▶ **TASK**
Repeat the lines below exactly as they appear, but leave out the images.

▶ **INFORMATION SUPPLIED**
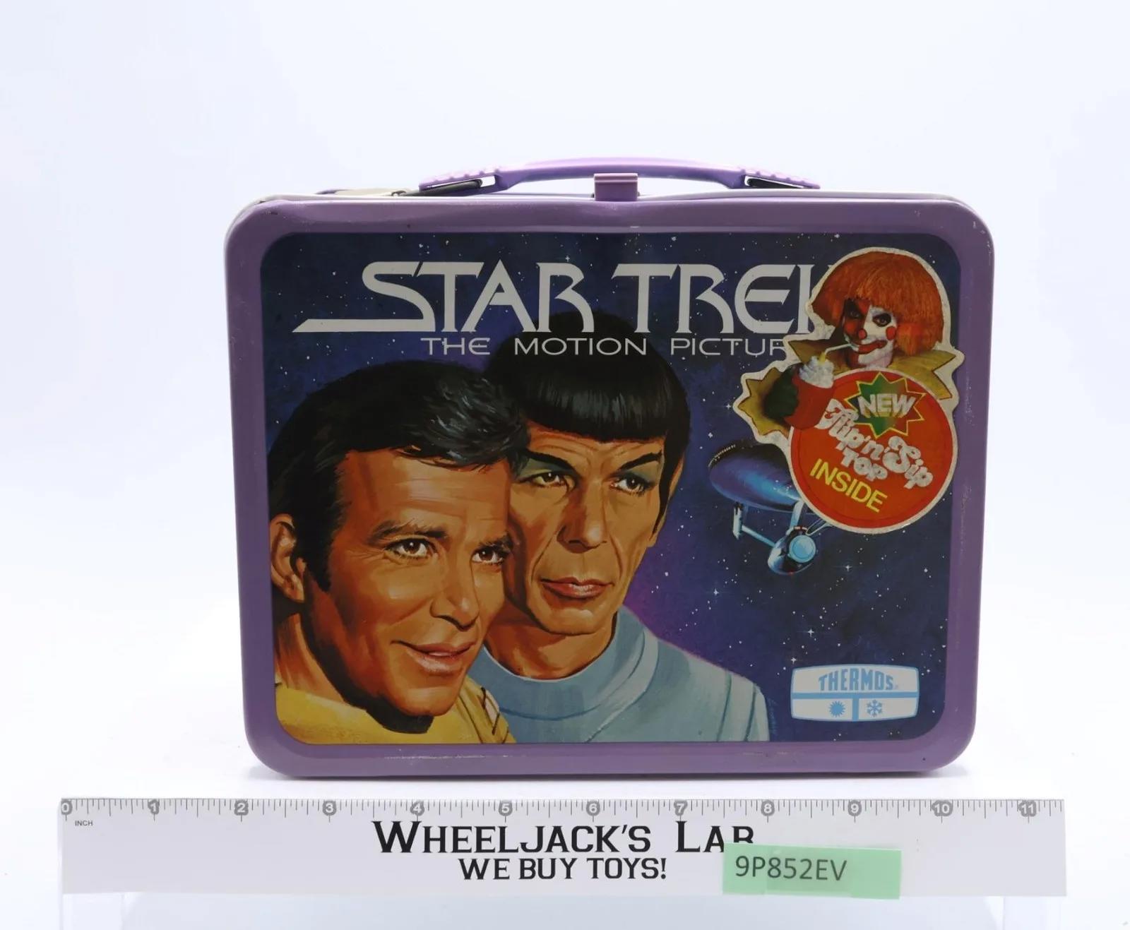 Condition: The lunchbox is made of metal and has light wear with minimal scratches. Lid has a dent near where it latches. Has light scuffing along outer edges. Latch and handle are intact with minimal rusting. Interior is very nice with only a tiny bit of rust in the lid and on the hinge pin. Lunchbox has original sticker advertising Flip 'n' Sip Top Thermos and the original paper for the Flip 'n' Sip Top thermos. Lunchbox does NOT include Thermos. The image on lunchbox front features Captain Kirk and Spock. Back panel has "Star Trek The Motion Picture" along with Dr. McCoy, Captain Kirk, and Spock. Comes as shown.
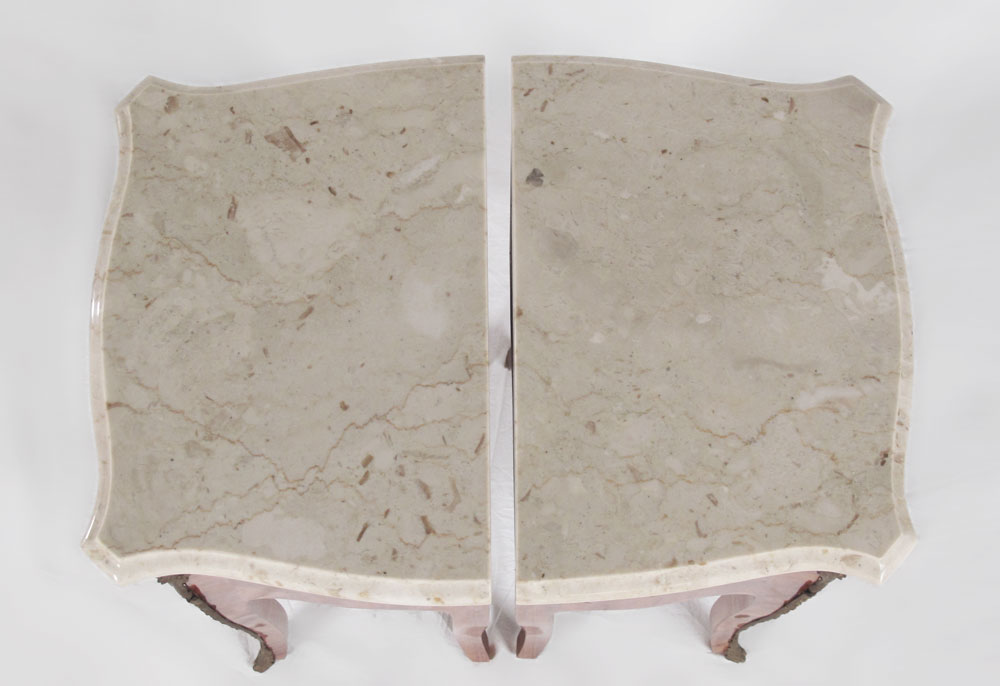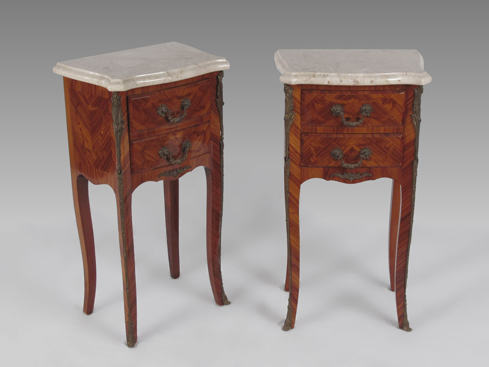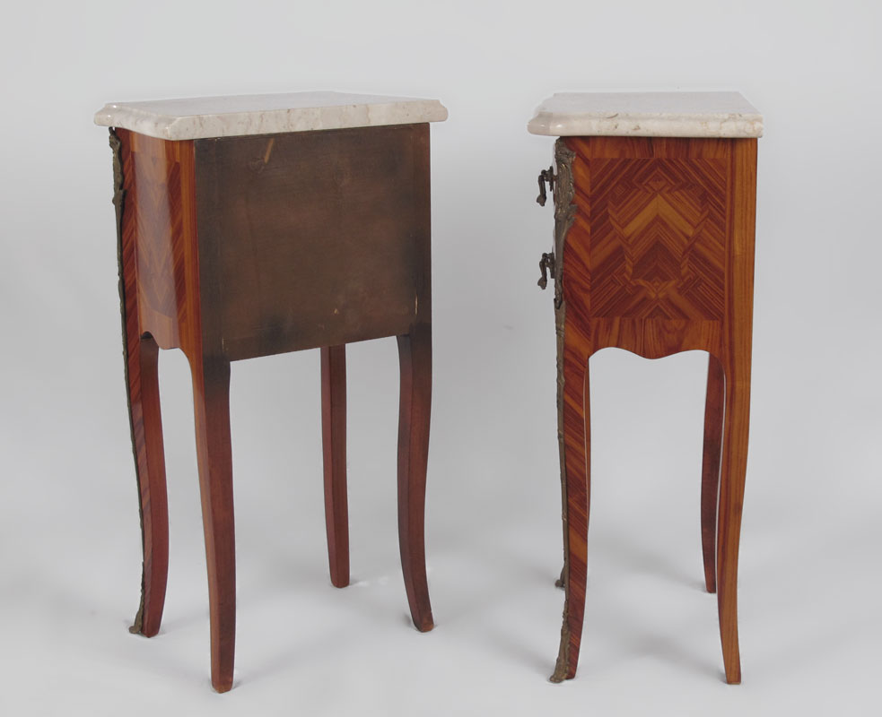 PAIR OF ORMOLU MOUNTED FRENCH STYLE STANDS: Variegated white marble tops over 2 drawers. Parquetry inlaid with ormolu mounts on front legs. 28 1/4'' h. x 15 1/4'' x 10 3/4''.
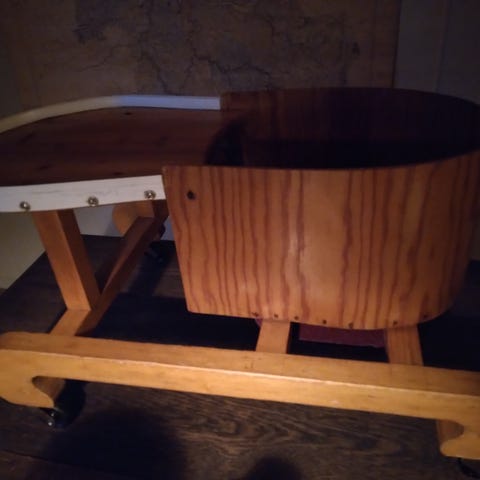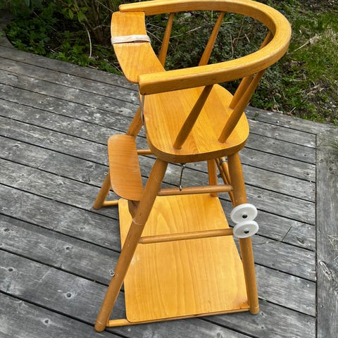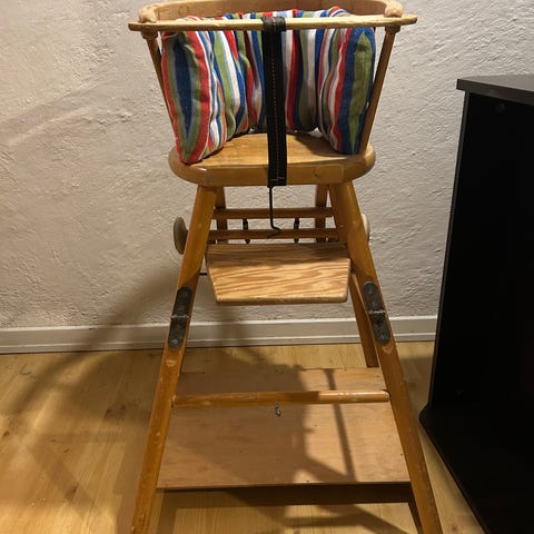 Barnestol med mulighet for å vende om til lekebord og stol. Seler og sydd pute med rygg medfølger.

▶ **RESULT BELOW**
 Condition: The lunchbox is made of metal and has light wear with minimal scratches. Lid has a dent near where it latches. Has light scuffing along outer edges. Latch and handle are intact with minimal rusting. Interior is very nice with only a tiny bit of rust in the lid and on the hinge pin. Lunchbox has original sticker advertising Flip 'n' Sip Top Thermos and the original paper for the Flip 'n' Sip Top thermos. Lunchbox does NOT include Thermos. The image on lunchbox front features Captain Kirk and Spock. Back panel has "Star Trek The Motion Picture" along with Dr. McCoy, Captain Kirk, and Spock. Comes as shown.
 PAIR OF ORMOLU MOUNTED FRENCH STYLE STANDS: Variegated white marble tops over 2 drawers. Parquetry inlaid with ormolu mounts on front legs. 28 1/4'' h. x 15 1/4'' x 10 3/4''.
 Barnestol med mulighet for å vende om til lekebord og stol. Seler og sydd pute med rygg medfølger.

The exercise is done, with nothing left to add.